Monday, July 3, 2023

Wine and Food of the Tour de France 2023 Stage 3: Amorebieta Extano to Bayonne

Where are we? Leaving Spain for the Pyrenees-Atlantiques. 

Amorebieta Extano: The regional tourism site tells me that this is a town in an unparalleled location with views of the mountains around it, such as Bizkargi and Urrimendi. Its rather abrupt terrain is also crossed by the river Ibaizabal.

They suggest we begin our visit in Amorebieta-Etxano's town centre, where we will see the church of Santa María de Asunción, which stands out because of its main altarpiece. Once visited Cancelada Palace, a beautiful Neo-classical building, we will arrive in Bernagoitia neighbourhood with its church of San Miguel and the Berna Tower, which keeps medieval remains. Likewise, we can enjoy beautiful views of the valley and its surrounding mountains.

Entering San Antonio neighbourhood we will be astonished by the hermitage of San Miguel de Dudea, one of the nicest in the municipality. The area of Larrea, on the other hand, stands out because of the convento of Larrea and López Palace, a beautiful Neo-classical building. Finally, we will get to Etxano and Boroa. Both are remarkable because of their rural character and both form quiet and nice areas with relaxing walks offering marvellous views of Oiz and Belatxikieta mountains.

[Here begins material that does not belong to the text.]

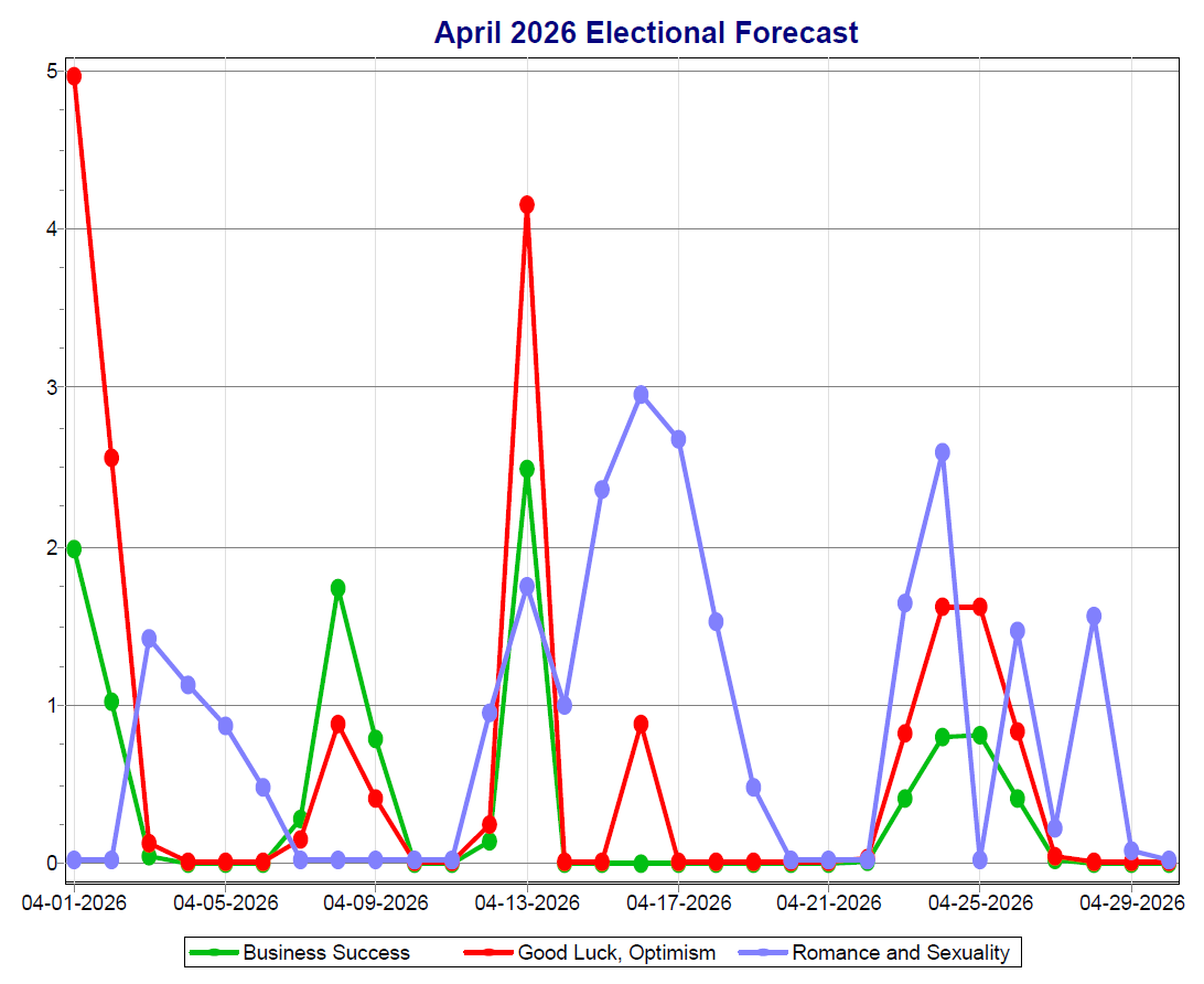 The higher the value, the more transits that favor the different categories that are happening on a given date. So, for example, in the February 2026 graph above, the highest score for Romance & Sexuality (blue line) is on the 8th, for Good Luck & Optimism (red line) is on the 22nd, and for Business Success (green line), it’s on the 22nd.

Regional Specialtieszurrukutuna (garlic soup), cod, squid, txuleta and vegetable stew

Bayonne: The local tourism site tells me that Bayonne owes its significant architectural heritage to its rich history. The port at the confluence of the Nive and Adour rivers and its close proximity to Spain continue to shape its future. The town's long history of defiance is reflected in its motto: Nunquam Polluta (never defiled). Its military and commercial development has been well established over the centuries and is visible on the buildings and beautiful town houses it is reputed for. Bayonne also gave its name to the bayonet, a local 17th century invention.
Bayonne has strong policies on heritage and culture and obtained France's official « Town of Art & History » status  in 2012, in recognition of 2,000 years of history and rich heritage.
Bayonne takes you on a journey through the ages from the Gothic cathedral – a World Heritage Site since 1998 as part of the French Pilgrim Routes of Santiago de Compostela, to the old town restoration project, the ramparts, the cloister and the Château-Vieux
Founded in 1922, the Basque Museum immerses you in the mystery of the Basque people and is unique in France.
The Bonnat- Helleu Museum - currently closed for renovation - is a must for art lovers and houses an important collection of paintings.
Regional SpecialtiesBayonne ham. Bayonne chocolates



Christian Prudhomme saysAnother phase begins as the race reaches French soil in the department of Pyrenees-Atlantiques, where the sprinters will for once be to the fore. The profile of the closing kilometres for what is the Tour’s reunion with Bayonne will give the sprinters’ teams the chance to manoeuvre their lead-out trains into position. The winner of the first sprint always gets a big lift from their success.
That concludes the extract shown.